• **Exercise instructions**: Write out exactly, with both ends included, the lines that run from the line containing "- Ethicon EP8706H" to the end of the entries. Pictures are not part of the answer.

┌──

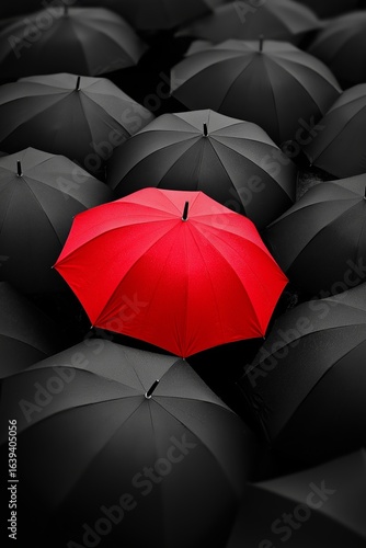umbrella, red, black, group, individuality, uniqueness, contrast, standout, different, colours, bright, dark, crowd, pattern, rain, weather, protection, object, arrangement, concept, symbolism, inspiration, opposition, striking, urban, design, artistic, style, identity, courage, bold, abstract, composition, visual, highlight, center, sharpened, defiance, metaphor, distinct, creative, statement
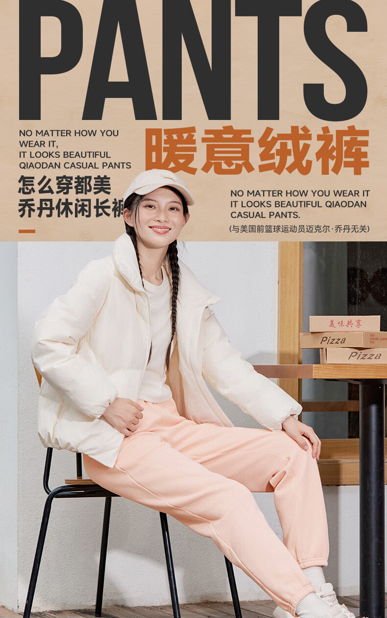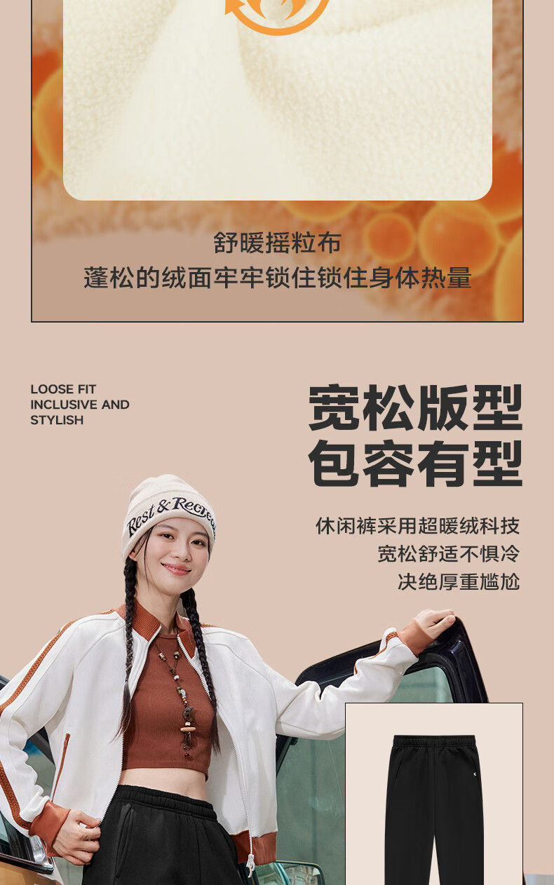 乔丹加绒裤子女士针织秋冬季休闲裤女超暖绒运动长裤直筒裤卫裤女
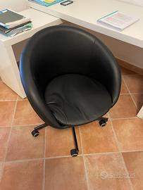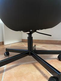 Vendo sedia girevole IKEA con seduta ampia e comoda, rivestita in ecopelle nera. Base a 5 razze con ruote scorrevoli e altezza regolabile. Design moderno e minimale, perfetta per studio, ufficio o camera.
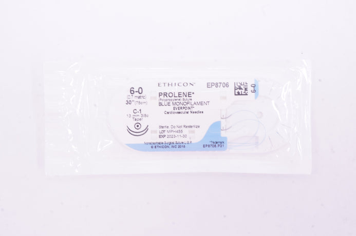 - Ethicon EP8706H 6-0 Prolene C-1 13mm 3/8c Taper 30 inch - Box of 32
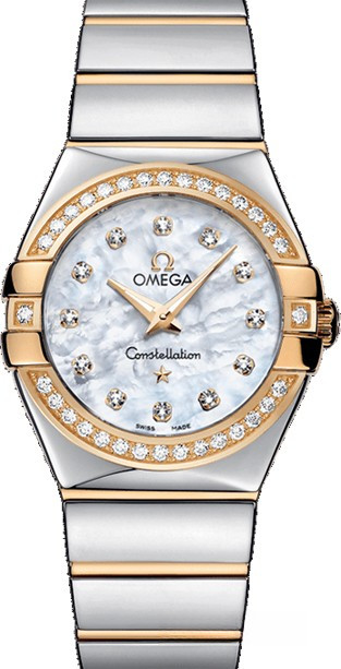 Необычайно эффектный дизайн часов OMEGA Constellation прошел проверку временем. Его характерной особенностью стали знаменитые скобки по бокам часового корпуса и впечатляющие циферблаты. Эта полированная модель имеет белый перламутровый циферблат с бриллиантовыми часовыми метками, который накрыт устойчивым к царапинам сапфировым стеклом. Украшенный бриллиантами безель из 18-каратного желтого золота закреплен на корпусе диаметром 27 мм из нержавеющей стали, который дополнен браслетом из нержавеющей стали и 18-каратного желтого золота. В этих часах используется высокоточный кварцевый механизм OMEGA, калибр 1376.

└──

• **Output of the exercise**:
 - Ethicon EP8706H 6-0 Prolene C-1 13mm 3/8c Taper 30 inch - Box of 32
 Необычайно эффектный дизайн часов OMEGA Constellation прошел проверку временем. Его характерной особенностью стали знаменитые скобки по бокам часового корпуса и впечатляющие циферблаты. Эта полированная модель имеет белый перламутровый циферблат с бриллиантовыми часовыми метками, который накрыт устойчивым к царапинам сапфировым стеклом. Украшенный бриллиантами безель из 18-каратного желтого золота закреплен на корпусе диаметром 27 мм из нержавеющей стали, который дополнен браслетом из нержавеющей стали и 18-каратного желтого золота. В этих часах используется высокоточный кварцевый механизм OMEGA, калибр 1376.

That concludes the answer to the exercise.